70 - FIM DO MUNDO
Perpétuo, o
menino-poeta, ensaiou um primeiro esboço naquela parede que parecia ter sido
erguida à medida da sua mão. Preparou-se para levar a tarefa até ao fim para
afastar do peito o seu primeiro grande medo de criança — gestos que vem repetindo
desde há séculos — são já aos milhares
as paredes que desfez em pó.
As árvores que
ali nasceram muito cedo deram sombras e todos os Lavinhenses as aproveitaram.
Nos dias de chuva e em dias nublados, o vento soprava as ramagens e agitava
os troncos de que eram construídas.

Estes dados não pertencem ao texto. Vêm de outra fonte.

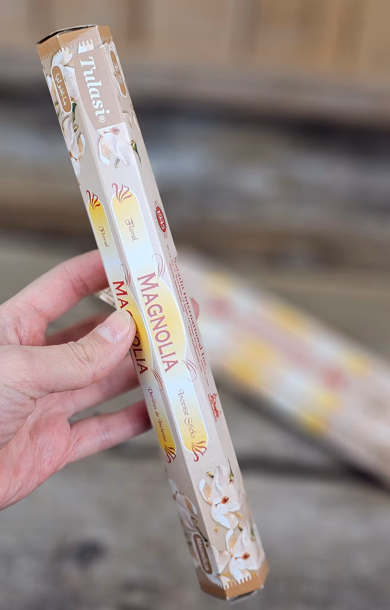 Doft: Magnolia. Den ljuvliga, blommiga aromen av Tulasi's Magnolia rökelsestickor är idealisk för att skapa en atmosfär av fridfull avkoppling i ditt hem.

O outono chegava e mudava-lhes a cor, o
inverno vinha depois para as despir deixando-as magras e tristonhas. As árvores
ressequidas chegavam miraculosamente intactas à primavera e ficavam felizes com
a chegada do verão. A voz clamorosa das montanhas fazia uma pausa nas
tempestades, sufocava-lhes os gritos e iluminava-lhes a escuridão.
Um arrepio de
frio chegou vindo de um outro tempo, de um outro mundo. Perpétuo teve saudades,
sentiu saudades de Marília e daquele cantinho de telhado para onde subia e onde
vivia mais devagarinho. Aquecia-se lá em cima como em nunhum outro lugar. O
poeta sabe que nunca mais voltará a aquecer-se por ali, sabe que lhe restam
poucas horas de vida e só já lhe apetece gritar!
- Pudesse eu
gritar, e gritaria! Agora sonho a sorrir, sonho que durmo e sonho uma história
louca que mal compreendo, e adormeço de novo a rodopiar na mesma queda imensa.
Lavinhos talvez seja a única aldeia do mundo que desconheço, mas é lá que tenho
os nervos ligados à caliça da parede do meu quarto e estou convencido que ele existe,
e que tudo isto existe — ou apenas isto existe e nada mais
O tempo não
existe, nenhum tempo é real, erramos no universo ao qual pertencemos desde
sempre, e todos somos o seu Deus, os que ainda vivem e todos os que faleceram. Os
mortos gritam dentro de nós, somos pedaços de todos esses mortos, muito menos completos
do que foram, menos sensíveis, menos imortais.
O Toninho Faneca
e eu naufragámos neste sonho... chegámos depressa onde não queríamos. Chegámos depressa
ao mesmo ponto de partida onde víamos o grande mar oceano a brilhar por debaixo
de uma lua feita de prata que caminhava connosco rumo ao desconhecido. A ela
prendemos os olhos e acalmámos os receios, e depois naufragámos…
Nunca acordámos
verdadeiramente deste sonho esplêndido.